The Judge’s reasons for the three year disqualification period

[22] In this case, Judge Blackie considered the appropriate sentence was 18 months imprisonment. He explained to Mr Stone that there were:

[4] ... Two reasons for that. One of course is that this is your eighth occasion. The second is that you elected trial by jury but you did not turn up for trial. You disappeared, laid low for some years and it was only recently that you have been re-arrested.

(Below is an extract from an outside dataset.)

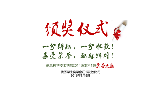 为了进一步增强同学们的荣誉感,并以此为动力鼓励同学们提高学习积极性及主动性。2016年1月9日下午信院1401班在教学三楼221教学举行了优秀学生奖学金证书发放仪式。全体获得优秀奖学金的同学,包括本学期从其他开元(中国)转到1401班的同学都登台亮相,享受这份属于自己的荣誉。同学们为每个获奖同学送上了热烈的掌声。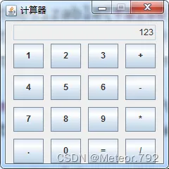 1. import java.awt.BorderLayout; 2. import java.awt.Font; 3. import java.awt.GridLayout; 4. import java.awt.event.ActionEvent; 5. import java.awt.event.ActionListener; 6. 7. import javax.swing.JButton; 8. import javax.swing.JFrame; 9. import javax.swing.JOptionPane; 10. import javax.swing.JPanel; 11. import javax.swing.JTextField; 12. 13. public class CalcJFrame extends JFrame{ 14. JButton[] jbs; 15. JButton jb2; 16. JTextField jtf; 17. String[] cons={"1","2","3","+","4","5","6","-","7","8","9","*","0",".","/","="}; 18. JPanel jp1; 19. String op1="",ops=""; 20. double num1,num2; 21. //flag=0,表示连续输入操作数,flag=1表示新的操作数开始 22. int flag=0; 23. public CalcJFrame() { 24. setTitle("计算器"); 25. setBounds(400,300,400,500); 26. setDefaultCloseOperation(EXIT_ON_CLOSE); 27. init(); 28. setVisible(true); 29. for(int i=0;i<16;i++){ 30. jbs[i].addActionListener(new ActionListener() { 31. 32. @Override 33. public void actionPerformed(ActionEvent e) { 34. JButton jb=(JButton)e.getSource(); 35. //获取用户单击的按钮上面的文本 36. char ch=jb.getText().charAt(0); 37. //判断单击的按钮属于哪个类型 38. if (ch>='0' && ch<='9'|| ch=='.'){ 39. //如果是数字 40. if (flag==1) { 41. //如果之前进行了计算,文本框中是计算结果,准备接收下一个操作数,op1清空, 42. op1=""; 43. //准备接收下一个操作数的连续输入 44. flag=0; 45. } 46. //数字连接,并显示在文本框 47. op1=op1+ch; 48. jtf.setText(op1); 49. }else if (ch=='='){//表示要对两个操作数进行运算 50. //记录刚才单击的是等号 51. flag=1; 52. //获取第二个操作数 53. num2=Double.parseDouble(op1); 54. //根据运算符进行计算 55. switch(ops){ 56. case "+": num1=num1+num2;break; 57. case "-": num1=num1-num2;break; 58. case "*": num1=num1*num2;break; 59. case "/": if (num2!=0) {num1=num1/num2;} 60. else JOptionPane.showMessageDialog(null, "出错!除数不能为零"); 61. num1=0.0;break; 62. } 63. //运算符清空 64. ops=""; 65. //将结果放在op1中 66. op1=num1+""; 67. //结果显示在文本框 68. jtf.setText(op1); 69. 70. }else{//单击了运算符,表示第二个操作数录入结束 71. if (ops!=""){//如果连续运算 72. //记录要进行计算, 73. flag=1; 74. 75. //将文本框中的内容保存在num2中 76. num2=Double.parseDouble(jtf.getText()); 77. //根据运算符计算结果 78. switch(ops){ 79. case "+": num1=num1+num2;break; 80. case "-": num1=num1-num2;break; 81. case "*": num1=num1*num2;break; 82. // case "/": if (num2!=0) num1=num1/num2;break; 83. } 84. //获取运算符到ops中 85. ops=ch+""; 86. //将计算结果放在op1中 87. op1=num1+""; 88. //将结果显示在文本框 89. jtf.setText(op1); 90. }else{//独立的单个运算,只需要记录运算符和第一个操作数 91. ops=ch+""; 92. num1=Double.parseDouble(op1); 93. //保存完第一个操作数后,清空op1内容,准备存储第二个操作数。 94. op1=""; 95. } 96. } 97. } 98. }); 99. jb2.addActionListener(new ActionListener() { 100. 101. @Override 102. public void actionPerformed(ActionEvent e) { 103. num1=0; 104. op1=""; 105. jtf.setText(""); 106. jtf.requestFocus(); 107. } 108. }); 109. } 110. } 111. public void init() { 112. jtf=new JTextField(); 113. jtf.setFont(new Font("宋体", 0, 30)); 114. jtf.setHorizontalAlignment(jtf.RIGHT); 115. jtf.setText(""); 116. add(jtf,BorderLayout.NORTH); 117. jp1=new JPanel(); 118. GridLayout gridLayout = new GridLayout(4,4); 119. gridLayout.setHgap(8); 120. gridLayout.setVgap(8); 121. jp1.setLayout(gridLayout); 122. jbs=new JButton[16]; 123. for(int i=0;i<16;i++){ 124. jbs[i]=new JButton(); 125. jbs[i].setText(cons[i]); 126. jbs[i].setFont(new Font("宋体",0,30)); 127. jp1.add(jbs[i]); 128. } 129. add(jp1); 130. jb2=new JButton("清空"); 131. jb2.setFont(new Font("宋体", 0, 30)); 132. add(jb2,BorderLayout.SOUTH); 133. } 134. public static void main(String[] args) { 135. new CalcJFrame(); 136. } 137. }

[23] Dealing with the first reason, six of Mr Stone’s previous seven EBA convictions were in the years 1980-1992, with the seventh in April 2002. Thus, he had not been apprehended for drink-driving for a little over three years when the present offence occurred on 18 June 2005. But the Judge could disregard the ensuing four years, during which Mr Stone “went beneath the radar”. The Judge’s second reason is very much specific to this case. It is a neat demonstration of the type of factor which satisfies us that no correlation exists between the number of EBA convictions and the period of disqualification imposed.
[24] It was only the appellant’s family responsibilities which persuaded the Judge to impose a sentence of eight months home detention. The Judge clearly saw the three year disqualification period as offsetting the leniency of a comparatively short term of home detention. What the Judge imposed was a sentence ‘in the round’. This emerges clearly from the Judge’s final sentencing remark:

[15] There you are, so you have got eight months’ home detention with the conditions that I have outlined and you will not be driving again for another three years.

[25] Viewed as a component of an overall sentence for an eighth EBA conviction in the circumstances here (driving a car full of young people with a reading approaching double the legal limit), we cannot regard the three year disqualification period as manifestly excessive.

Result

[26] The appeal is dismissed. The three year disqualification period stands.